• Required action
Once you reach the line containing "Beňovský do Vrbového", copy it and every line after it exactly, through the end of the data below.

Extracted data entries
----------

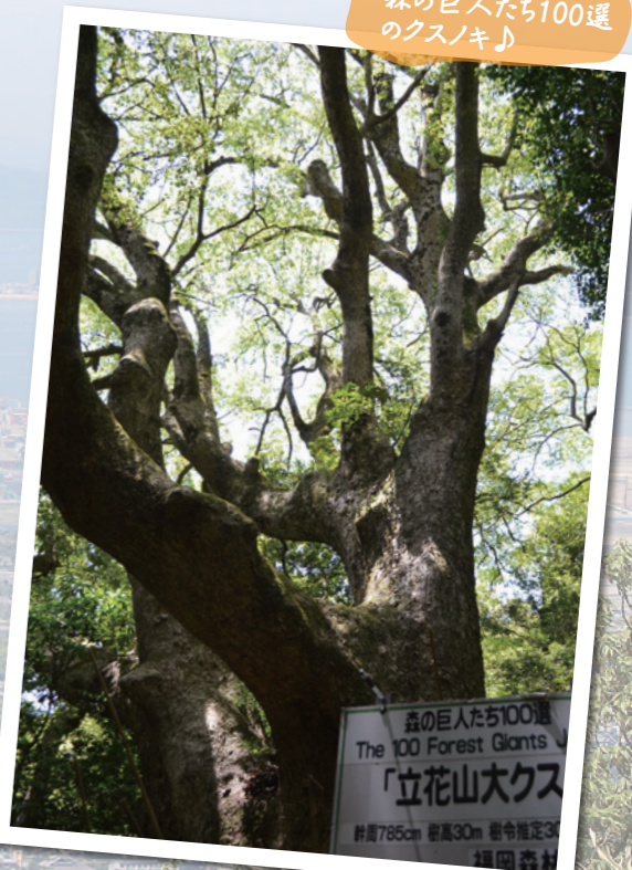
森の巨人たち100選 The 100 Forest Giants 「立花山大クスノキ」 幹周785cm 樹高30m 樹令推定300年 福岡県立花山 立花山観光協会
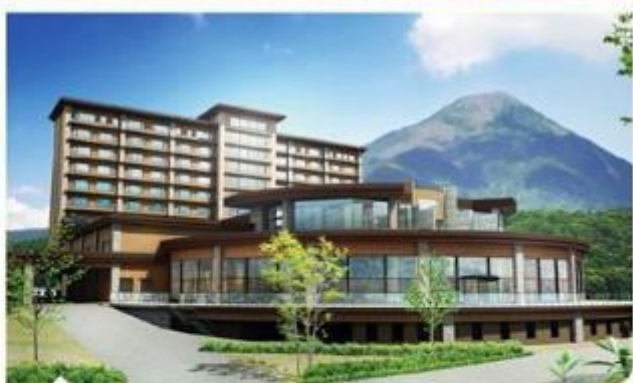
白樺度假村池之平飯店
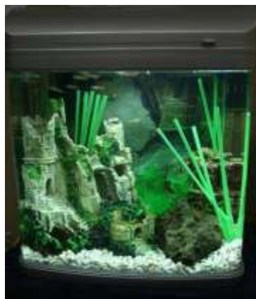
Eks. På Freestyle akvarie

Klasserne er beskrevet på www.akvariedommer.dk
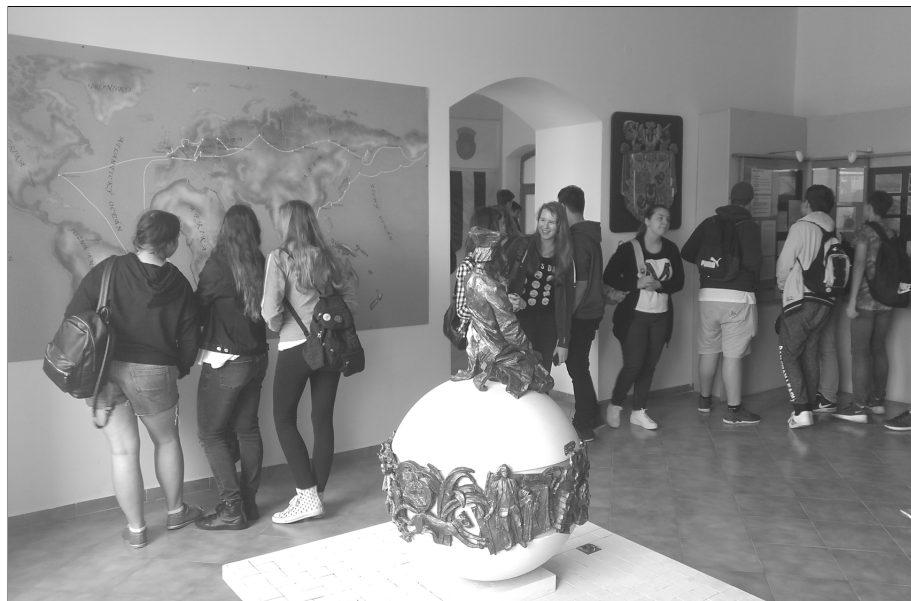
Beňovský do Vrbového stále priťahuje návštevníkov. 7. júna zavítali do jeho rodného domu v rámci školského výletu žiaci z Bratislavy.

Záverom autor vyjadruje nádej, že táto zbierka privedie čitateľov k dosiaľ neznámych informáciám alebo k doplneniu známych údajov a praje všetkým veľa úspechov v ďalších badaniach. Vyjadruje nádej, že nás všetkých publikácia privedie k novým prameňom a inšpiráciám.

----------

• Finished exercise
Beňovský do Vrbového stále priťahuje návštevníkov. 7. júna zavítali do jeho rodného domu v rámci školského výletu žiaci z Bratislavy.

Záverom autor vyjadruje nádej, že táto zbierka privedie čitateľov k dosiaľ neznámych informáciám alebo k doplneniu známych údajov a praje všetkým veľa úspechov v ďalších badaniach. Vyjadruje nádej, že nás všetkých publikácia privedie k novým prameňom a inšpiráciám.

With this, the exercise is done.